Predictions suggest that by 2025 more than 70 percent of the workforce in North America will consist of employees from the millennial generation. This vibrant cohort of current and future employees has left many of today’s leaders scratching their heads and leaping towards popular water cooler myths rather than the truth.
As much as it may be difficult for today’s Boomer or Gen X leaders to accede, adaptation to Gen Y’s unique predispositions is necessary, and we simply are not ready.
As learning organizations prepare for the influx of Gen Y into the workforce, it is critical to re-think the topography of the learning landscape. What works for today’s employee, will not register with Gen Y and with the generation after them, Gen Z.
The future of learning for millennials includes a much wider plethora of variegated activities and delivery methods. It is incumbent upon leaders to lead the learning transformation towards a “Maximized Assimilation of Knowledge” approach. This may sound complex, but it is actually a basic arrangement of blended learning systems derived from the three cornerstones of transferable learning: learning style adaptation, application of on-the-job learning and incorporation of personalized and social learning.

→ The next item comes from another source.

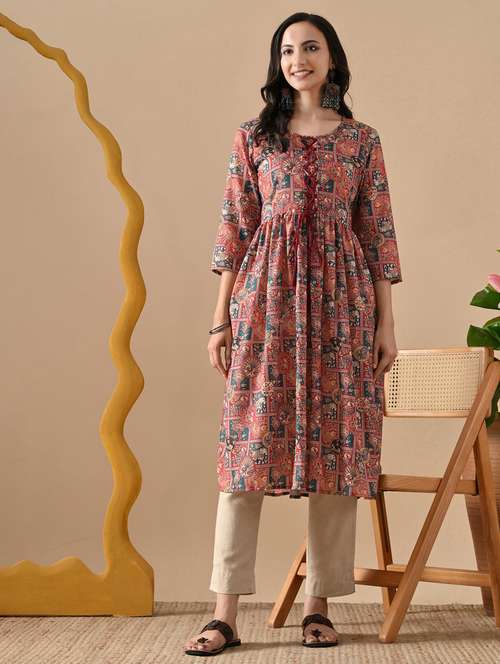 - » women printed three quarter sleeve a-line kurta

The first key component to Maximized Assimilation of Knowledge, learning style adaptation, is of key importance to transform learning and training approaches that will appeal to Gen Y. Placing employees into the learning mode that lines up with their natural learning style sets them up to absorb and retain knowledge. The learner takes in information without being forced to filter through an undesirable learning style. However, all training needs to be developed to suit all learning styles.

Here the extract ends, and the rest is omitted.